Выбрать главу

— Горе-то какое, — вздыхает старушка. — Ужасть просто…

— А из деревни вести паскудные ползут… голодают… Я-то как-никак и одет, и обут, и в тепле, и сытый, а там как же…

— Ох, господи, тяжки кары твои, — снова вздыхает старушка.

— Да не расстраивайтесь… расстроил я вас… Нынче-то у всех — беды да печали…

— И когда ж конец-то проклятой?!

— Мой говорит, скоро. Вот до Берлина дойдем — и конец. А ему виднее, он при штабе…

— Да уж скорей бы!

— Будем в надежде…

Они так и не заметили меня, потому что прозвенел звонок, и ребята посыпались из классов.

Весь день я думал об услышанном разговоре. И так мне хотелось поколотить Славку, даже руки гудели. На последней перемене я все-таки не выдержал и стал на него задираться. А он:

— Чего ты, чего ты… Это ж брехня… Папе завидуют…
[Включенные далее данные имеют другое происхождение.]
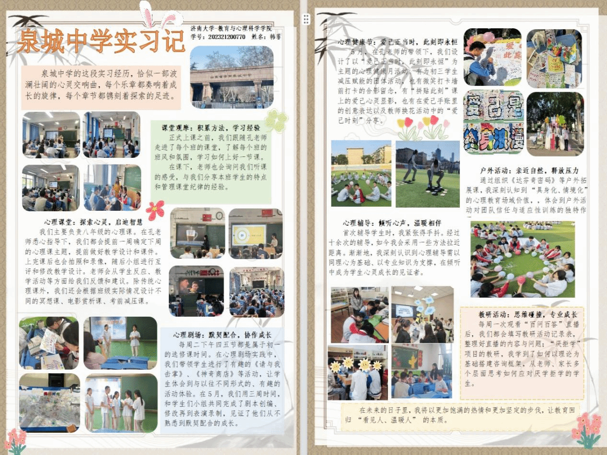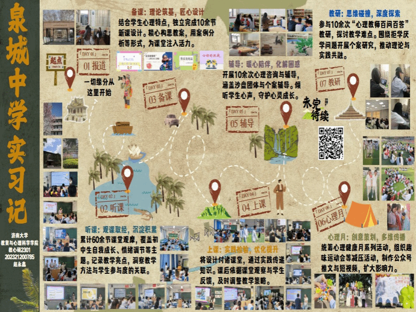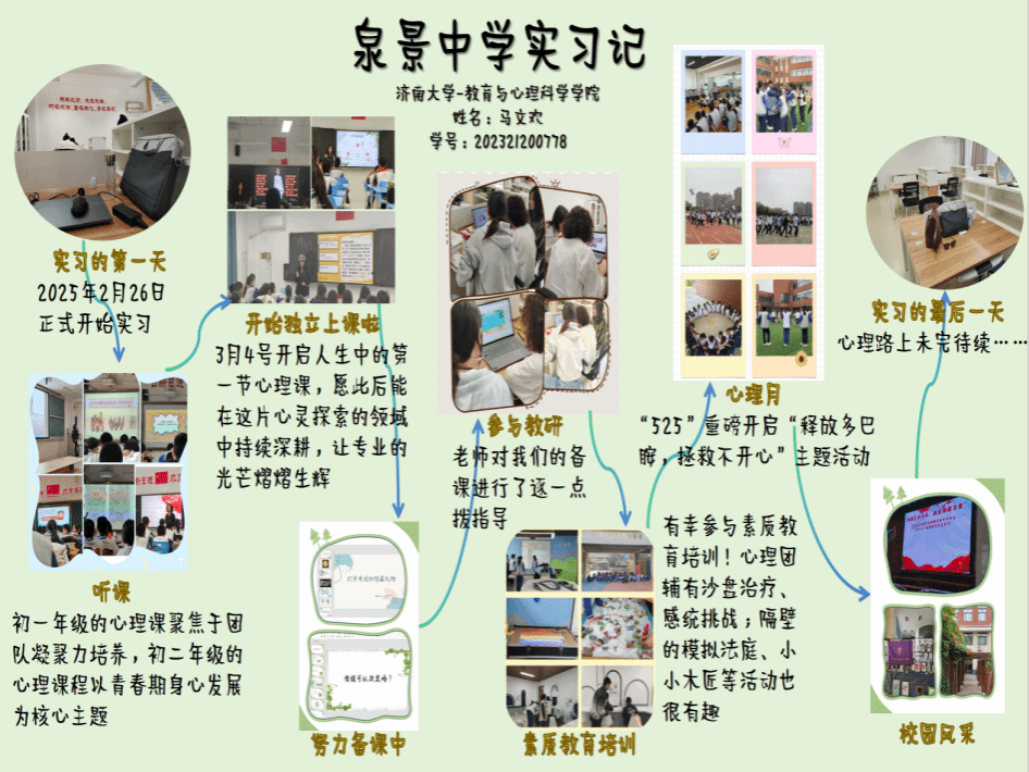 2025年春日,36365线路官网2023级的20名心理健康教育领域的研究生怀揣着对教育事业的满腔热忱奔赴山东各地实习。从济南市教研院到莱州金城中学,从济南泉城中学、济南泉海学校到济南泉景中学,从济南十六里河中学、济南第六十八中学到博山五岭路小学,他们严于律己,以身作则,在鲜活且真实的教育场景里,努力蜕变,最终圆满的地完成了从“准教师”到“真教师”的蜕变。这20名研究生坚定地在教育的肥沃土地上扎根,充分利用信息化教学手段,像是给学生课堂注入了活力的催化剂,让其瞬间焕发生机。

И все такое прочее. Словом, отвертелся. Я ему даже поверил. Так он врал здорово. Но, чувствую, он затаился. И обязательно мне насолит. Ладно, думаю, подожду, а там — посмотрим.

А я в этот день пришел в школу в новой рубашке и на ней звезда. Подарок Назарова. Хожу — задаюсь. Не у всех такие звезды есть. Хвастаюсь:

— Отец с фронта прислал!

— Заливай, заливай, — сказал Гнилушкин. — Небось выменял у кого-нибудь.

— Говорю, отец прислал.

— Кончай арапа травить, — влез Славка. — Твой отец убитый давно…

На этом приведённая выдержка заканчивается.